Work instructions:
The line containing "Women's VINCE faux" marks the start of the required copy, which runs to the final line of the entries; return those lines exactly, without any pictures.

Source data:
◆ ◆ ◆ ◆

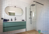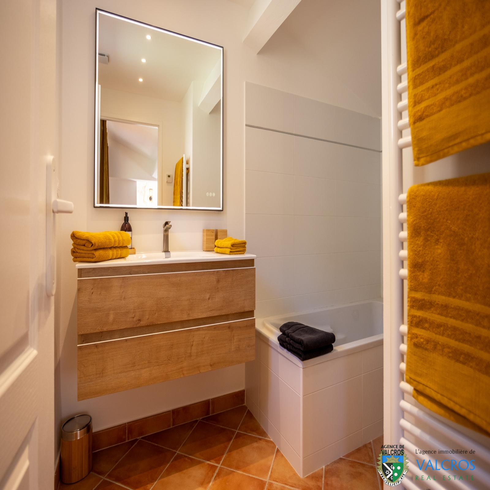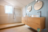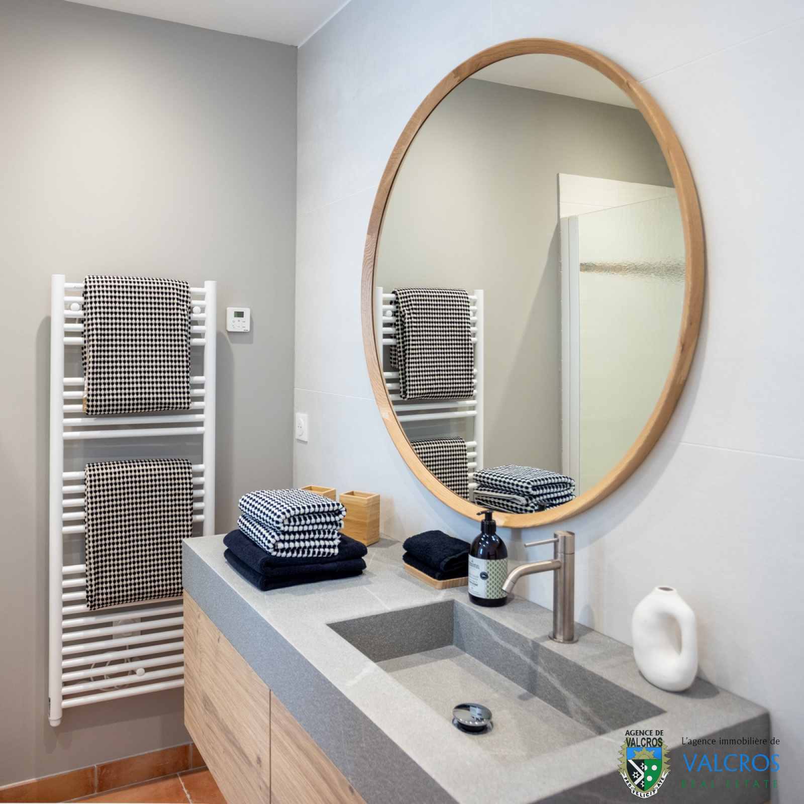 Un couloir mène à l’espace nuit, plus intime, où se dévoilent trois chambres en suite, chacune avec sa salle d’eau et ses WC, ouvrant sur une terrasse orientée à l’est, idéale pour savourer les premiers rayons du soleil. Une buanderie fonctionnelle et un WC invités complètent ce niveau.
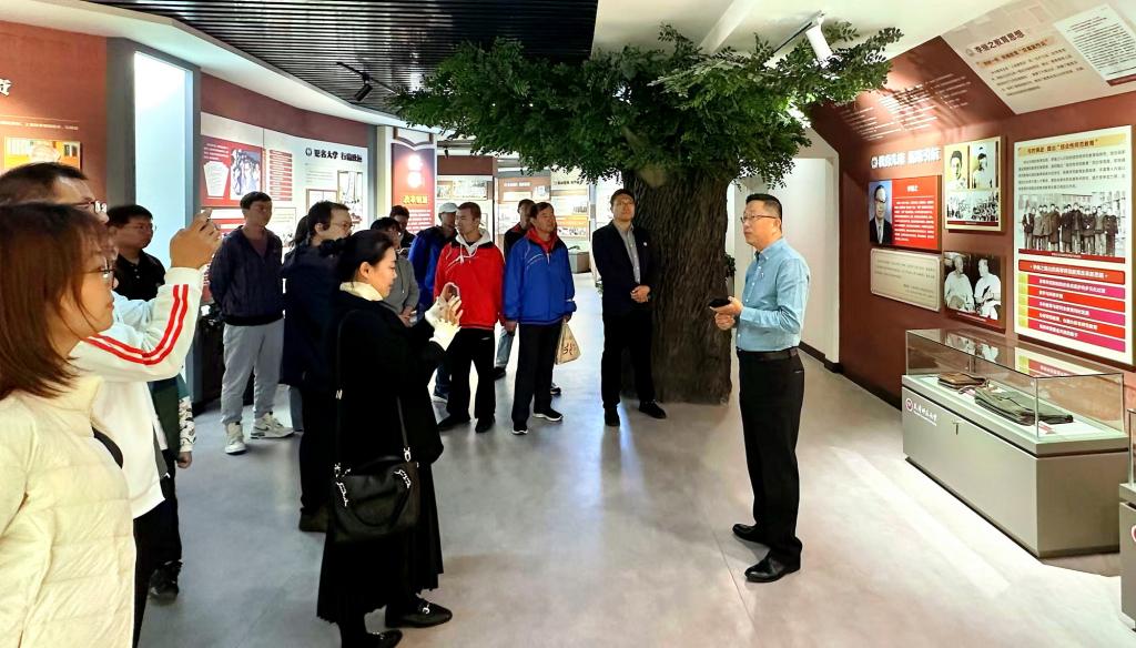 本站讯(通讯员 刘晓晨)我校新落成的校史馆自开馆运行以来,受到广泛好评。在党委宣传部的大力支持下,校友会邀请15名校友通过在线申请的方式,报名集体参观新校史馆,得到广大校友积极响应、踊跃参与。10月27日上午,来自不同年级、不同专业、社会各界的校友重返母校走进新校史馆。在校友会秘书长杨琥与志愿讲解员的细致讲解下,校友们参观了馆内各展区,共同感受母校光辉历史与发展历程。
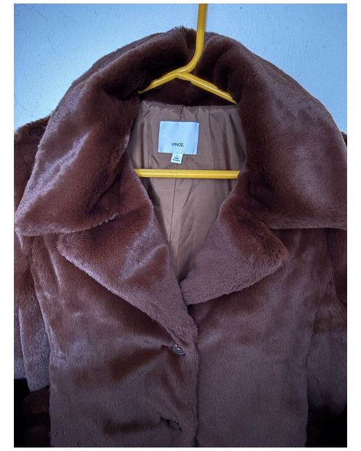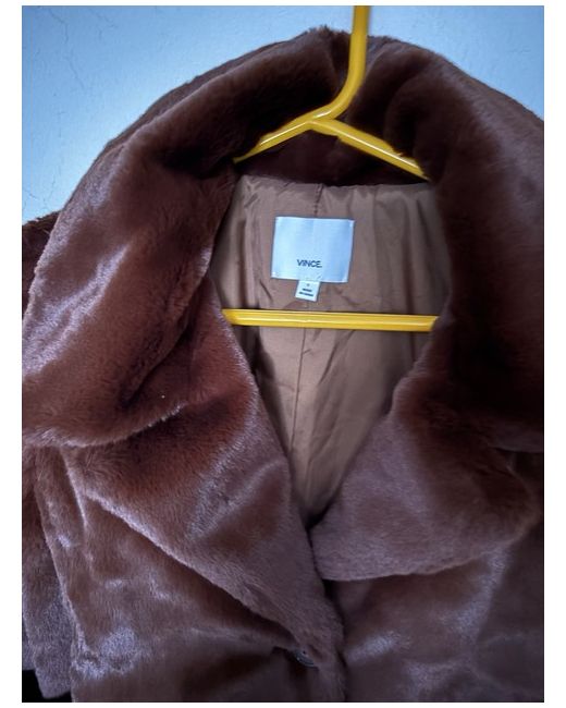 Women's VINCE faux fur jacket Colour Rust brown Length: short Faux fur shell - 100% polyester Lining - 100% polyester Rib - 90% acrylic / 8% polyester / 2% Elastane
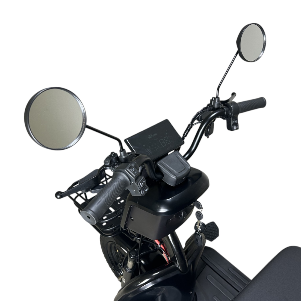 В стандартной комплектации есть зеркала, корзина, фара, стоп-сигналы и поворотники. LCD-дисплей показывает заряд, пробег и скорость, что делает поездки удобнее.
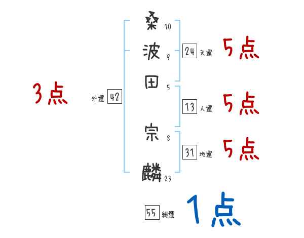 天運![]() | 桑波田宗麟さんの天運は24画の5つ星!家庭運が良く順調な人生。金運にも恵まれる。 家系が持つ宿命的な運勢を表します。祖先から受け継いだ苗字ですので自分の力が及びません。家柄を象徴します。 |
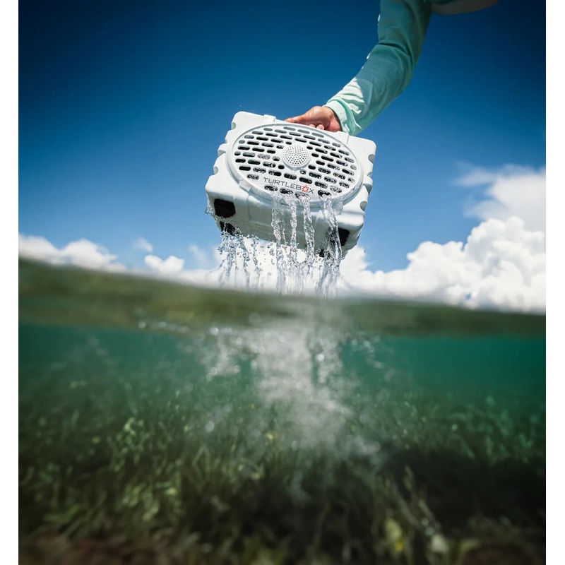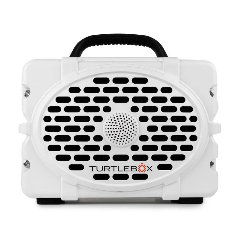 For its Big Sound, the Turtlebox is extremely portable, lightweight and compacteasily carried with one comfortable rubber handle. About the size of an old-school lunchbox and weighs about 10 lbs.
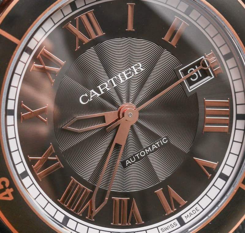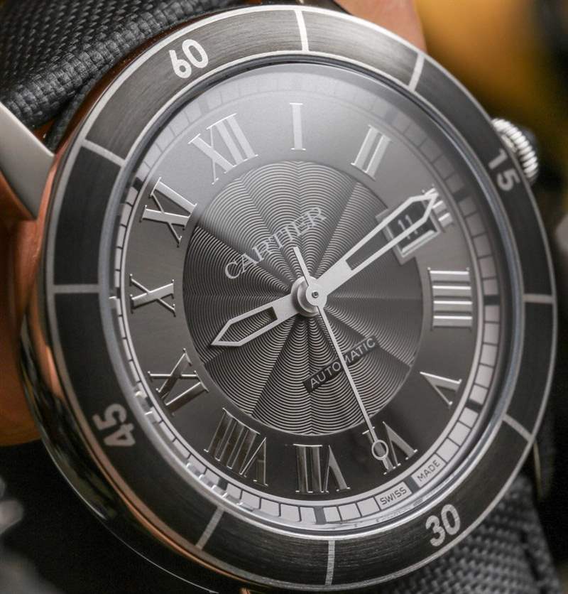 從簡單的設計角度來看,卡地亞 Ronde Croisiere 表盤很可愛。外面有一個傳統風格的分鐘軌道,后面是一圈卡地亞羅馬數字,里面有一些紋理。一切都很合適,比例也很好,但當然,易讀性存在問題。在灰色表盤款式上,羅馬數字的拋光過度,折射光線,影響易讀性。從某種意義上說,它們有助于突出卡地亞 Ronde Croisiere 型號的銀色表盤,因為它具有更好的對比度和更少的光反射率,因此效果更好。
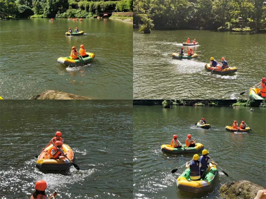 湖邊景色秀美,大家迅速帶好安全帽,穿上救生衣全副武裝,蓄勢待發,開啟一段驚險刺激的漂流旅程,乘風破浪,向著同一個目標,堅定信念出發,堅信安全抵達。
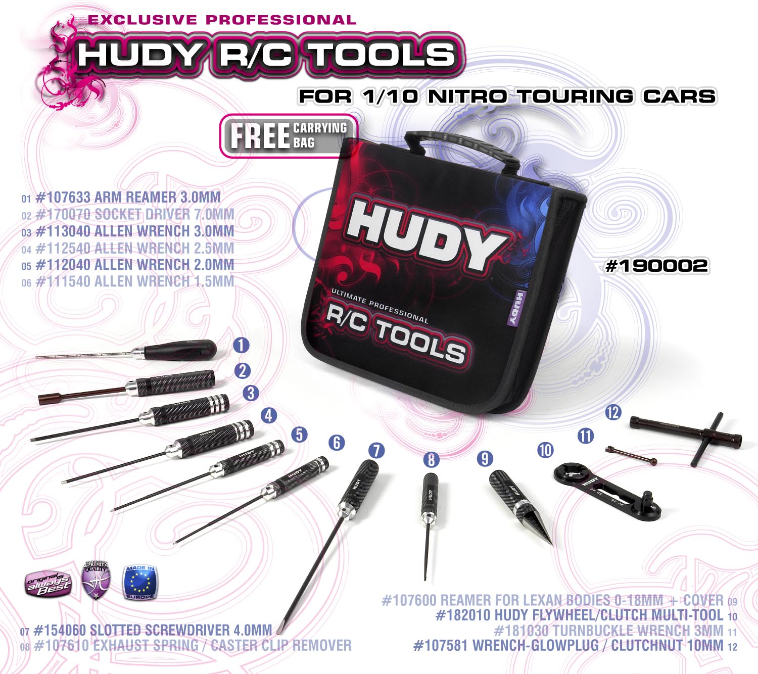 Complete HUDY Ultimate Professional R/C Tool Set features all necessary hand tools for nitro touring cars, along with a premium-quality exclusive tool bag with a super-modern look with cool, stylish and full-color graphics around the bag. High-quality European materials and craftsmanship are in abundance. Ideal size for carrying your RC tools and accessories; holds up to 30 tools.
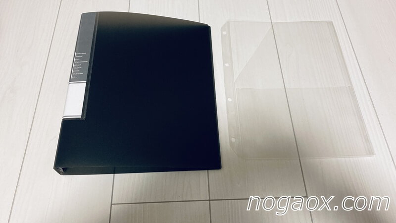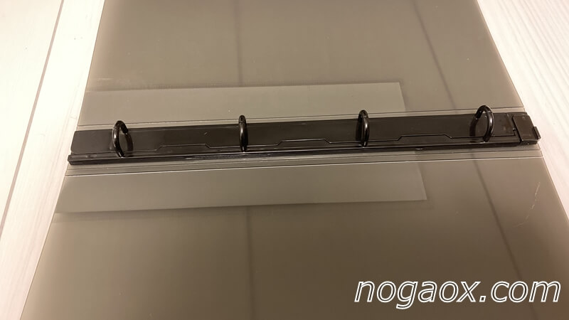 まずはファイル。私が選んだものは4リングタイプの黒。わかりにくいですが、若干透けているタイプです。
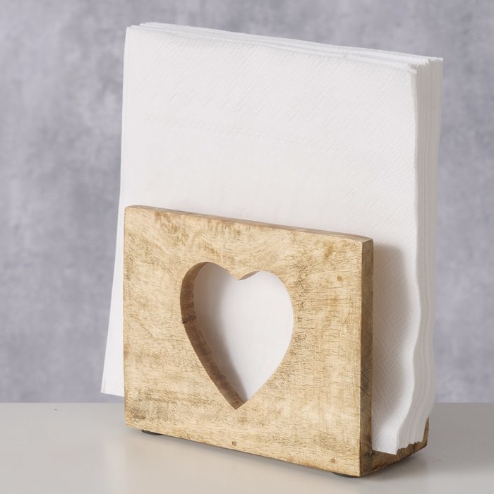 Porte serviettes vertical en bois de manguier Découpe en forme de coeur Dimensions : 10x13x5,5cm Convient pour 20 serviettes papier
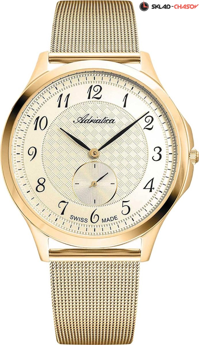 Стильные классические часы с круглым корпусом и браслетом миланского плетения. Секундная стрелка вынесена на отдельный циферблат. Заводная головка с защитой. Вес часов 57 грамм. Гарантия 2 года.
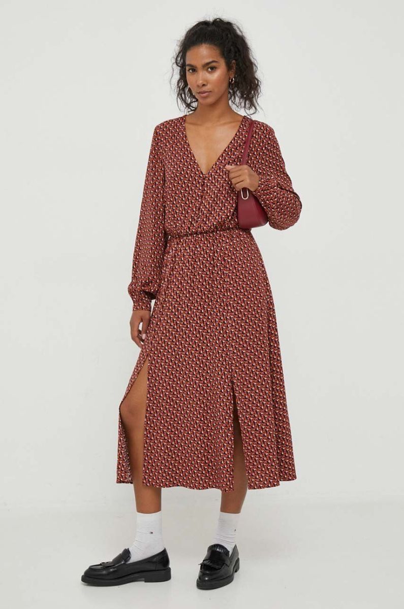 Бавовняна сукня Pepe Jeans колір бордовий mini oversize

◆ ◆ ◆ ◆

Solution for this problem:
 Women's VINCE faux fur jacket Colour Rust brown Length: short Faux fur shell - 100% polyester Lining - 100% polyester Rib - 90% acrylic / 8% polyester / 2% Elastane
 В стандартной комплектации есть зеркала, корзина, фара, стоп-сигналы и поворотники. LCD-дисплей показывает заряд, пробег и скорость, что делает поездки удобнее.
 天運![]() | 桑波田宗麟さんの天運は24画の5つ星!家庭運が良く順調な人生。金運にも恵まれる。 家系が持つ宿命的な運勢を表します。祖先から受け継いだ苗字ですので自分の力が及びません。家柄を象徴します。 |
 For its Big Sound, the Turtlebox is extremely portable, lightweight and compacteasily carried with one comfortable rubber handle. About the size of an old-school lunchbox and weighs about 10 lbs.
 從簡單的設計角度來看,卡地亞 Ronde Croisiere 表盤很可愛。外面有一個傳統風格的分鐘軌道,后面是一圈卡地亞羅馬數字,里面有一些紋理。一切都很合適,比例也很好,但當然,易讀性存在問題。在灰色表盤款式上,羅馬數字的拋光過度,折射光線,影響易讀性。從某種意義上說,它們有助于突出卡地亞 Ronde Croisiere 型號的銀色表盤,因為它具有更好的對比度和更少的光反射率,因此效果更好。
 湖邊景色秀美,大家迅速帶好安全帽,穿上救生衣全副武裝,蓄勢待發,開啟一段驚險刺激的漂流旅程,乘風破浪,向著同一個目標,堅定信念出發,堅信安全抵達。
 Complete HUDY Ultimate Professional R/C Tool Set features all necessary hand tools for nitro touring cars, along with a premium-quality exclusive tool bag with a super-modern look with cool, stylish and full-color graphics around the bag. High-quality European materials and craftsmanship are in abundance. Ideal size for carrying your RC tools and accessories; holds up to 30 tools.
 まずはファイル。私が選んだものは4リングタイプの黒。わかりにくいですが、若干透けているタイプです。
 Porte serviettes vertical en bois de manguier Découpe en forme de coeur Dimensions : 10x13x5,5cm Convient pour 20 serviettes papier
 Стильные классические часы с круглым корпусом и браслетом миланского плетения. Секундная стрелка вынесена на отдельный циферблат. Заводная головка с защитой. Вес часов 57 грамм. Гарантия 2 года.
 Бавовняна сукня Pepe Jeans колір бордовий mini oversize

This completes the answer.